The turkeys like the rain. Or at least they are undaunted by it. A few minutes ago there were more than a dozen pecking at the earth outside my window, heads not so much bobbing as making staccato attacks on the sunflower shells beneath the birdfeeders. Their bodies—as if inured to all that head action--moved languidly, each bird stepping high and deliberately as it wove in and out, their formations briefly legible as circles or lines before they dissolved. The turkeys have moved off now, but some mornings one can see more than thirty of them, the toms large and sleek, fanning their tail feathers; the hens and jakes smaller, businesslike, less concerned with display.

It is easy enough to lose track of the season—or the year—when bouncing between the varying timescales of scheduling, grant writing, and preparing final reports. We have just completed the spring/summer schedule, covering the months from April through August. Most things are now up on our web calendar, and the brochure should be available in physical form in a week or so. Sometimes the urgency of confirming the date of a workshop in far-off August overtakes one’s sense of the present; grants describing projects that will come together in 2018 transport one to the realm of unencumbered possibility; reporting on work accomplished may reveal a sudden insight that makes a project more meaningful, or a connection with other work clearer. But each day there are reminders of the present: the sounds of the kindergartners working with Naomi in the sunroom during their field trips, the narrator’s voice drifting in from the gallery, where Cecelia Condit’s Tales of a Future Past is screening, the puddles turning into lakes on the lawn.

And so we embark on April, a month still far enough off to hold unbounded promise: more green, more growth, more sunshine. We have three more book-related workshops in April with Carolyn Suneja (Sewing on Tapes and Simple Case Binding, April 8), Colin Matthes (Zine-Making, April 22), and Eddee Daniel (Using Online Self-Publishing Platforms, April 29). Leslie Perrino offers an enameling workshop on April 23—once you try this, it’s hard not to want to keep doing it—and Chuck Stebelton is back to lead a bird walk, guest Cecelia Condit in tow, early that morning. We hope you’ll join us on April 24 for International Sculpture Day. Debby Pagel of Eat Cake! is rendering one of the works in our collection in cake (which one do you think lends itself to the cake treatment?), and after many hours of admiring this production, we plan to cut and eat it at 3 pm.

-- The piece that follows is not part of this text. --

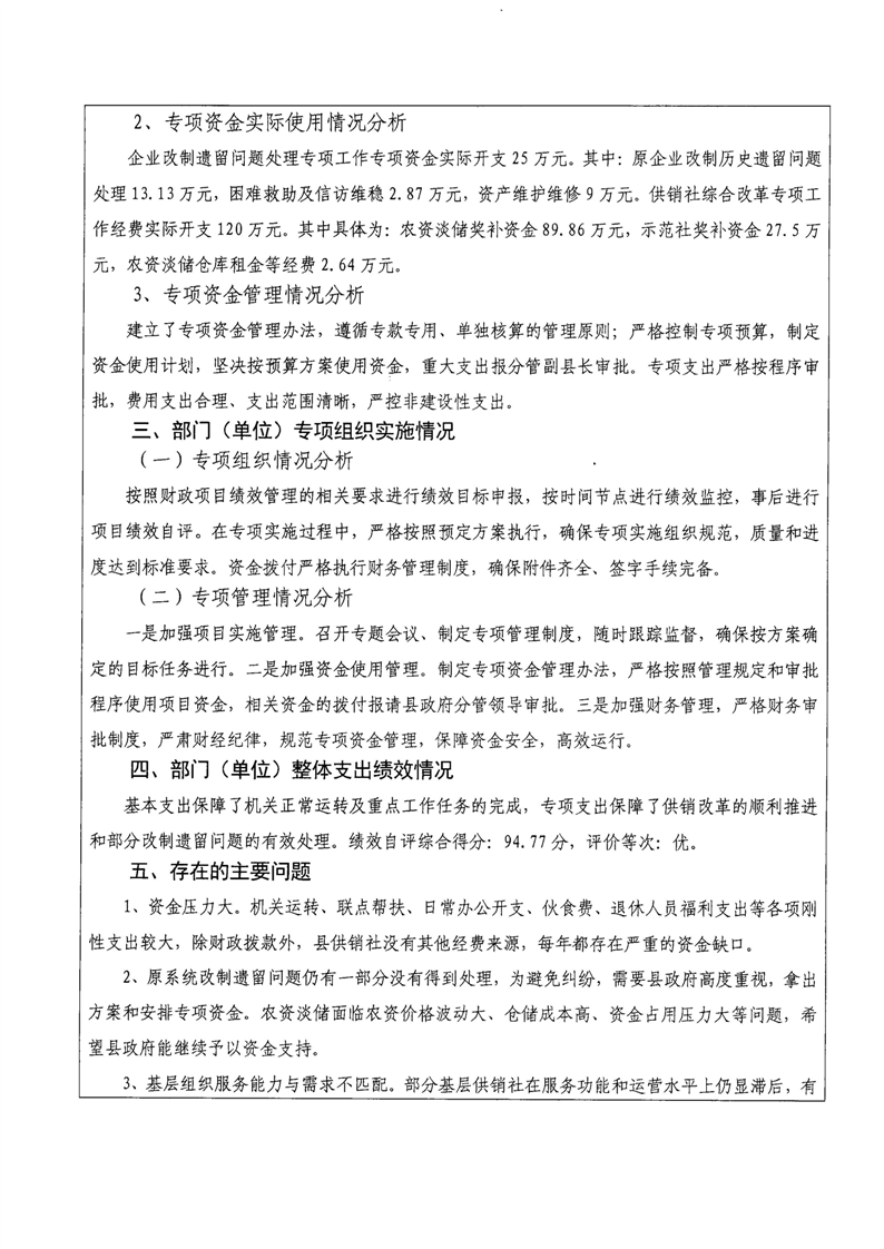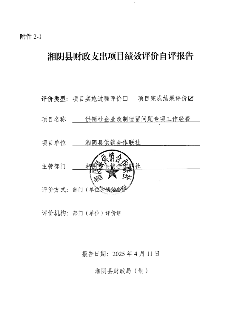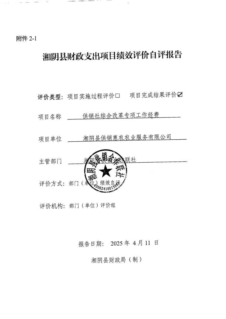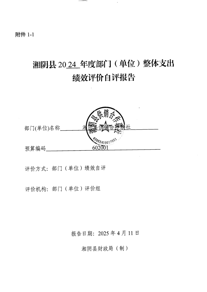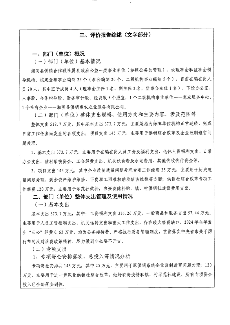 湘阴县供销合作联社2024年整体支出及项目支出绩效自评报告

You can scroll down to the bottom of this newsletter to get a taste of May activities, or head over to our web calendar to check out the next several months. Lynden’s Garden Series reboots in May, and covers a range of topics from beekeeping to natural pest control. Our extended Wednesday hours begin May 31, and artist-in-residence Sara Caron will enliven the first several with her hiking trail and pop-up information center/gift shop. June brings some returns and many beginnings. We partner once again with Woodland Pattern Book Center on another intensive writing workshop: Intersite: Geopoetics of the Constructed Landscape and Beyond with Jennifer Scappettone (June 6-9). Summer day camps begin June 12—and not to be alarmist, but these are filling up fast so don’t miss your chance to register. Danceworks Performance Company and Milwaukee Opera Theatre return on June 16 and 17 for Handel’s Bestiary (based on the Donna Leon book exploring the animals in Handel's arias), and the Danceworks campers will be here in July for a related family performance. The long-awaited Bonsai Exhibit, a collaboration with the Milwaukee Bonsai Society and the Milwaukee Bonsai Foundation, opens with a reception on June 18. Skipping all the way to late summer, you may want to save the date—August 24—for our annual Backyard Barbecue.

And though I made it sound like the spring/summer schedule was sewn up, we are always adding events. Keep your eyes peeled for additional Women’s Speaker Series engagements, free family days, and for an entire world of events generated by artists-in-residence Portia Cobb and Gary John Gresl.